Ketchup Before Tomatoes, Part 1

By Josh Geiger Contributing Editor

Editor’s Note: A major part of the grilling experience here in the United States is the hamburger. For those gathering around the table, part of the experience is the choice of condiment. Who would have imagined the history of that red stuff everybody loves was so complicated.

There is perhaps no condiment considered more quintessentially American than ketchup. It is iconic at American barbecues and adorns countless tables in restaurants. Fast food joints have tossed packets of the stuff into bags for decades.

Ketchup is certainly popular in the United States and elsewhere, although the heavily sugared tomato paste has plenty of detractors who decry it as bland, overly sweet or just plain gross. Despite its modern associations, ketchup didn’t originate in America, and for centuries it wasn’t made with tomatoes at all.

Ketchup originated in Southeast Asia, and its ingredients were about as far from the condiment we know today as you can get. In the early 16th century, English traders in the East Indies came across a sauce called ke-tchup or ku-chiap, a fish sauce. Local recipes varied, but among the earliest is recorded in a Chinese text from 544: “Take the intestine, stomach and bladder of the yellow fish, shark and mullet, and wash them well. Mix them with a moderate amount of salt and place them in a jar. Seal tightly and incubate in the sun. It will be ready in 20 days in summer, 50 days in spring or fall and 100 days in winter.”
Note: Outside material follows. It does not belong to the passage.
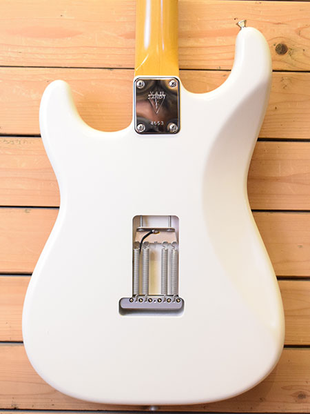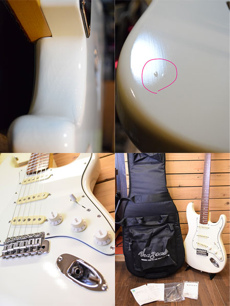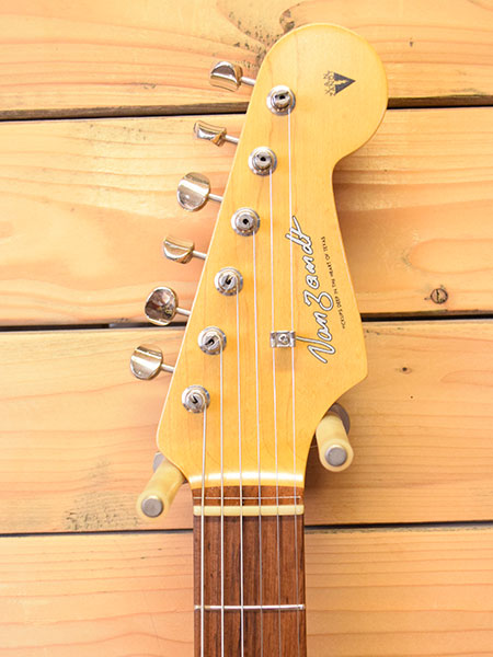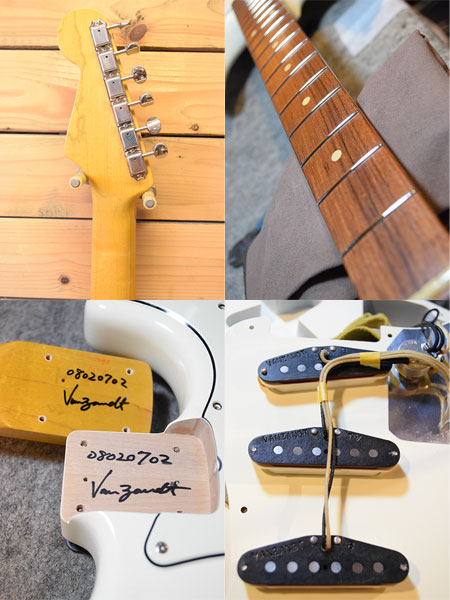 2008年製。ショップセミオーダー(名古屋/Realstandard)のアルダーボディー・ローズ(マダガスカルローズ)指板ネックのR2モデルです。基本スペックは相当のようです。ピックアップはリア・フロントにBlues、センターにTrue Vintageとなっておりパワフルでハーフトーンが大変煌びやかな印象です。使用感の殆ど無い大変綺麗な個体です。ヴァンザント特有の超激薄ラッカーフィニッシュでこのコンディションは奇跡的です(ボディーバックにポツ傷がある以外は傷の無い大変綺麗な状態です)。塗装の経年変化で全体にひけと?せが出ている事はご了承くださいませ。フレット残量は満タン近く残っており演奏性も良い個体です。10-46ゲージで調整すみでロッドにも十分な余裕もございます。状態の良い個体をお探しだった方は是非この機会に。 重量:3.4kg 付属品:オリジナルギグケース・アーム・レンチ・紙類(証明書等)・スプリングカバー(ビス×6)※裏のスプリングカバーは元々付いていない仕様です。

As with many of the products England imported, they very quickly made the product their own. One of the first things the English did, from a recipe from 1736, was add beer. The recipe calls for boiling down “2 gallons of strong, stale beer and a half pound of anchovies,” adding that “the stronger and staler the beer, the better the catch-up will be.”

Early ketchups were made of all manner of things such as cherries, oysters, blackberries, mushrooms and even walnuts. For about a century, mushroom ketchups were popular in England. They were made by putting whole mushrooms in jars with salt. It is “traditionally thin and almost black,” and has been described as “halfway between Worcestershire sauce and soy sauce.” Walnut ketchup was a favorite of Jane Austen.

About the only thing that early ketchups weren’t made of was tomatoes. Tomatoes are native to western South America, and were consumed by native populations in Central and South America. The word tomato comes from the Aztec word tomatl. After contact, tomatoes became a staple of Mediterranean cuisine.

The tomato came to northern Europe and to England by the 1590s, but it gained something of a negative reputation. One reason is that Europeans recognized the fruit as a relative of nightshade, and the fruits themselves are similar to nightshade berries, which are extremely toxic. The English botanist John Gerard authored the Herball, or General History of Plants in 1597. It was the most prevalent English book on botany in the 17th century. While Gerard knew that tomatoes were eaten in Spain and Italy, he still declared them poisonous. His views were influential enough to steer many people away. Another possibility lies in a reaction between tomatoes and pewter. Pewter plates often had a relatively high lead content, and when brought into contact with it, highly acidic foods like tomatoes can “leach” the lead, possibly causing lead poisoning. Tomatoes did appear as ingredients in The Arte of Cookery by Hannah Glasse in 1758.

It wasn’t until the 19th century that ketchup would become what we know today – thick, red and made with tomatoes. This transition was an American innovation and would even have an impact on food safety regulations.